United States World War II policy

Cash and Carry was a policy by US President Franklin Delano Roosevelt announced at a joint session of the United States Congress on September 21, 1939, subsequent to the outbreak of war in Europe. It replaced the Neutrality Act of 1937, by which belligerents could purchase only nonmilitary goods from the United States as long as the recipients paid immediately in cash and assumed all risk in transportation using their own ships. A later revision, the Neutrality Act of 1939, allowed the sale of military arms to belligerents on the same cash-and-carry basis.

==History==
===Background===
Because of the conclusion of the Nye Committee, which asserted that United States involvement in World War I was driven by private interests from arms manufacturers, many Americans believed that investment in a belligerent would eventually lead to American participation in war.
The first Neutrality Act was passed in August 1935. It was renewed in 1936 and later extended to May 1937. The Act forbade selling implements of war or lending money to belligerent countries under any terms. US passengers traveling on foreign ships were advised that they did so at their own risk.

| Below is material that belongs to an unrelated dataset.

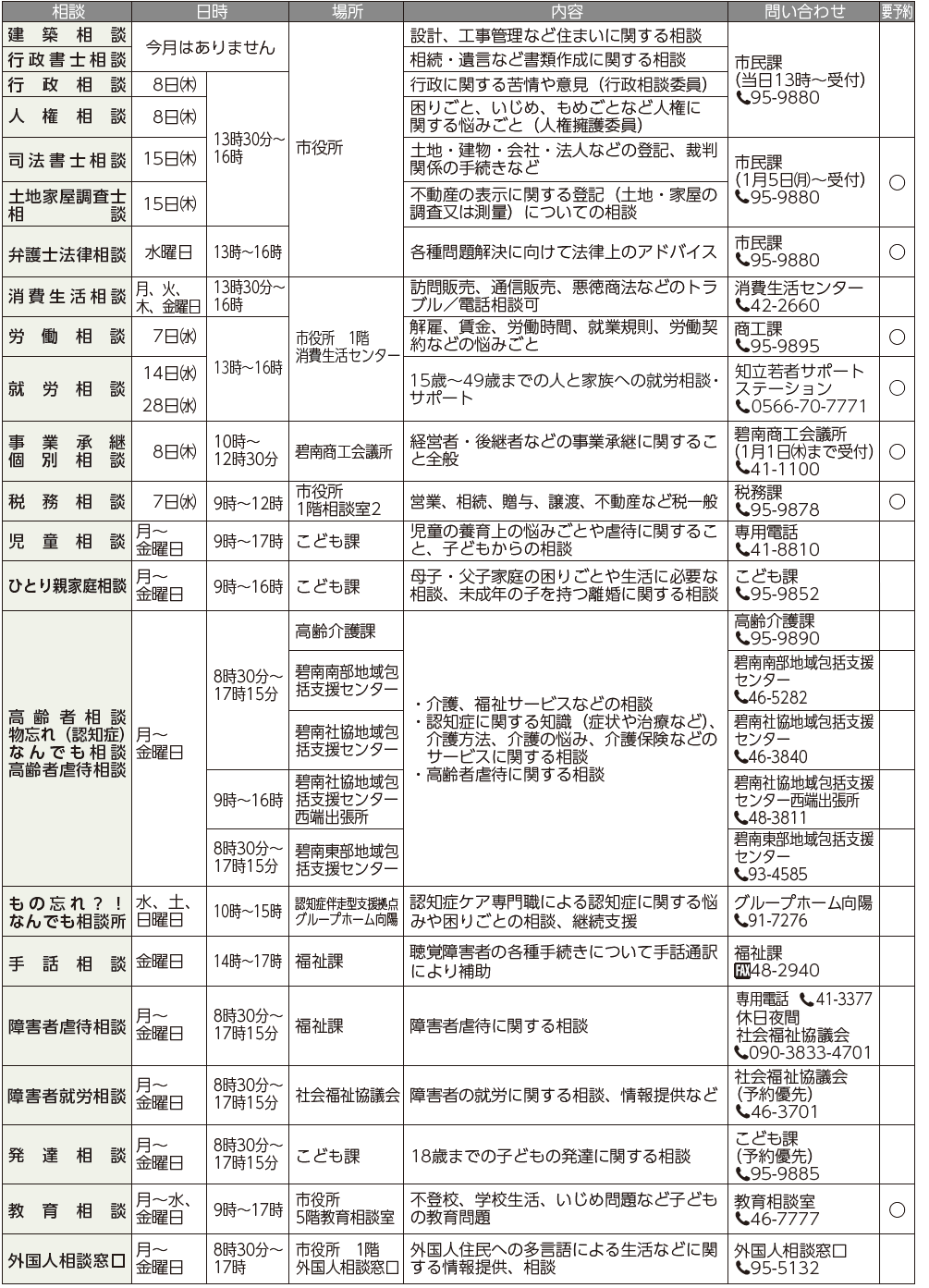 くらし 1月相談 46/48 前の記事 次の記事 発行日 : 2025年12月01日 自治体名 : 愛知県碧南市 広報紙名 : 広報へきなん 2025年12月号 №1973 ※いずれも無料で、施設休館日は休みです。一部の相談は先着による定員制です。 Tweet シェアする 1月保健だより すいすい水族館

The Neutrality Act of 1937 continued this policy, and in addition, forbade U.S. citizens from traveling on belligerent ships. However, belligerent countries could purchase non-military items provided they paid cash and the goods were not transported on American ships. (Raw materials such as oil were not considered "implements of war".) Roosevelt arranged the inclusion of the "cash and carry" clause "...as a deliberate way to assist Great Britain and France in any war against the Axis Powers, since he realized that they were the only countries that had both the hard currency and ships to make use of "cash-and-carry." The clause was set to expire after two years.

===Neutrality Act of 1939===
By the spring of 1939, Roosevelt wanted more flexibility in dealing with the militaristic policies of Germany, Japan, and Italy. Originally presented to Congress by Senator Key Pittman (D-NV) earlier in 1939, the bill was designed to replace the Neutrality Act of 1937, which had lapsed in May 1939.

The bill had been defeated repeatedly by the Senate and the House on more than one occasion as Isolationists feared that passing the bill would draw the US into the conflict in Europe and Asia. However, after Germany invaded Poland in September 1939, the position of many in Congress changed. Senator George W. Norris said, "If we repeal it, we are helping England and France. If we fail to repeal it, we will be helping Hitler and his allies. Absolute neutrality is an impossibility."

On November 2, the House passed the Pittman Act repealing provisions of the 1935 act by a vote of 243 to 181. The President gave his signature on November 4. The Act continued the prohibition of making loans to belligerents and the use of American ships, but lifted the ban on arms sales.

The purpose of this policy was to allow the Allied nations at war with Germany to purchase war materials while maintaining a semblance of neutrality for the United States. Coming out of the Great Depression, the U.S. economy was rebounding. Further growth in manufacturing would propel the economy forward. The cash and carry program stimulated U.S. manufacturing while allowing the Allied nations, particularly the United Kingdom, to purchase much needed military equipment.

The "cash and carry" legislation enacted in 1939 effectively ended the arms embargo that had been in place since the Neutrality Act of 1936, and paved the way for Roosevelt's Lend-Lease program.